Indeed, the global inventory  of CO2 emissions have continued to rise, primarily as a result of fossil fuel combustion, and the production of cement and metals. Though lower than the average over the past decade, the PBL Netherlands Environmental Assessment Agency showed that the 2013 emissions inventory grew by 2 percent compared to 2012. Yet, fossil fuel exploration continues in the Arctic where it’s estimated that 75 percent of oil and gas potential is offshore and 25 percent onshore, according to a recent report by the National Petroleum Council. This is the same as 479 billion barrels of oil equivalent potential, which if developed would release additional CO2 emissions into the atmosphere through processes of combustion in power and heat generation.
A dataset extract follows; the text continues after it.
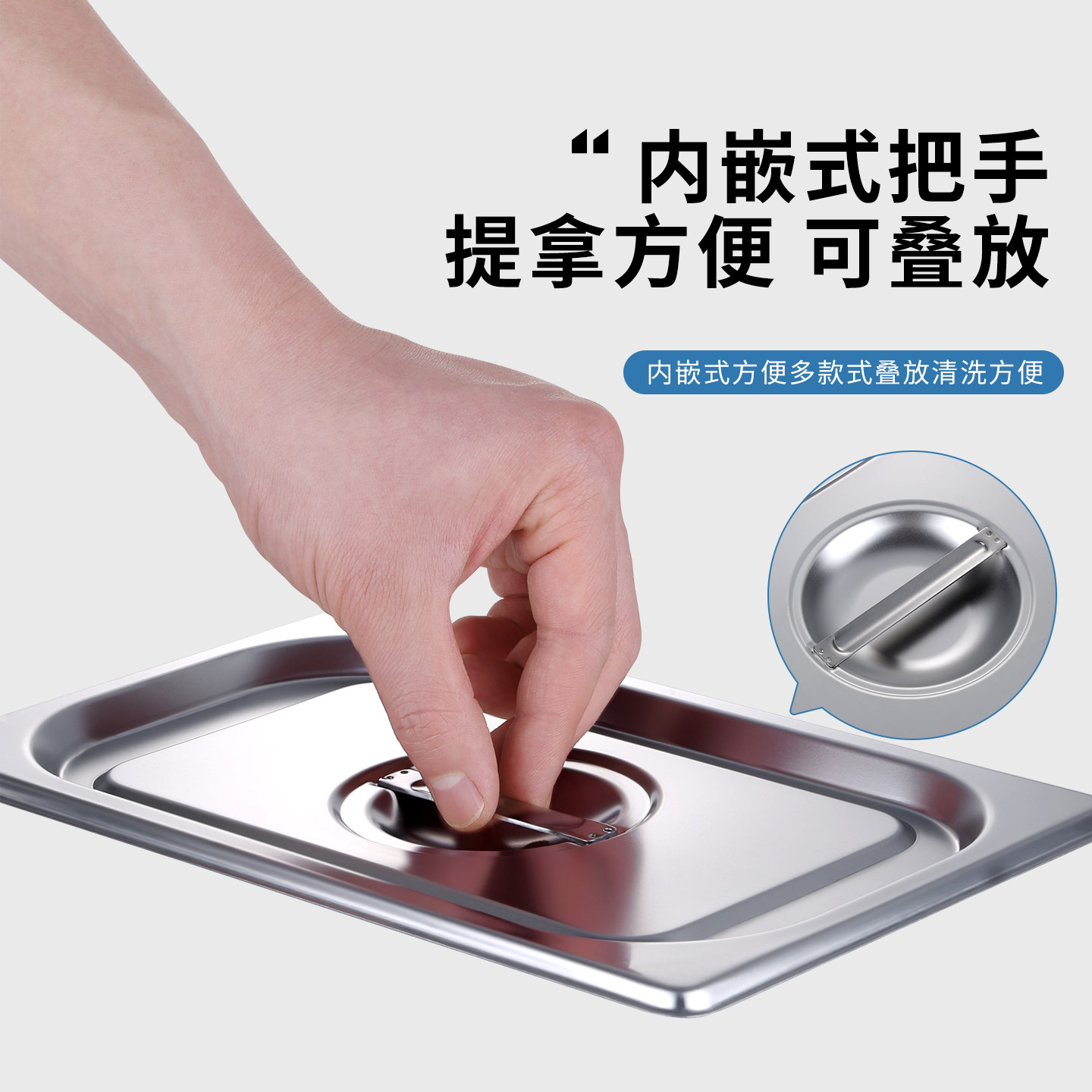📚 带槽口份数盆盖子长方形不锈钢菜盆盖冰淇淋奶茶果酱盒盖带闭口盖

Arctic fossil fuel development may not, however, be the panacea sometimes imagined. Last December, Chevron Canada shelved plans to drill exploratory wells in the Beaufort Sea citing “Economic uncertainty in the industry” as a factor. Since August 2014, the price of crude oil plummeted from over US$100 a barrel and has hovered around US$40 since December. Then in June 2015, Imperial Oil and its partners Exxon Mobil Corp and BP followed suit asking for an extension to their exploration license in the region.
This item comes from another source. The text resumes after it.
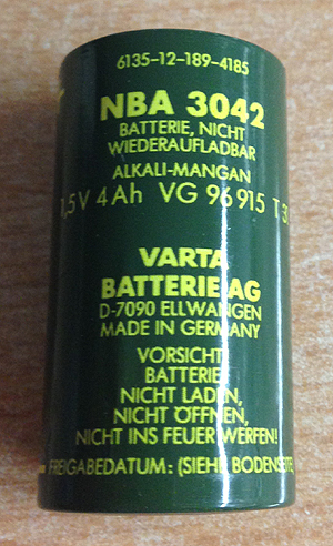 Battery consumption is very low. This is best described by the way it arrived to me in 2012. It came from a military surplus store, and inside were the first Batteries still. (Yes!) They were of the type NBA3042. 4Ah 1.5V Type C, "Baby" cells. They were still full.

In part, this is a result of what drillers consider a complicated regulatory regime in Canada’s Arctic. The extent to which Arctic oil resources are developed remains uncertain. Dennis Bevington, a member of Canada’s Parliament, representing the Northwest Territories, thinks it “unlikely” that Arctic oil resources will be developed to any great degree, though “Russia may do a little bit, but prices will be out of line.”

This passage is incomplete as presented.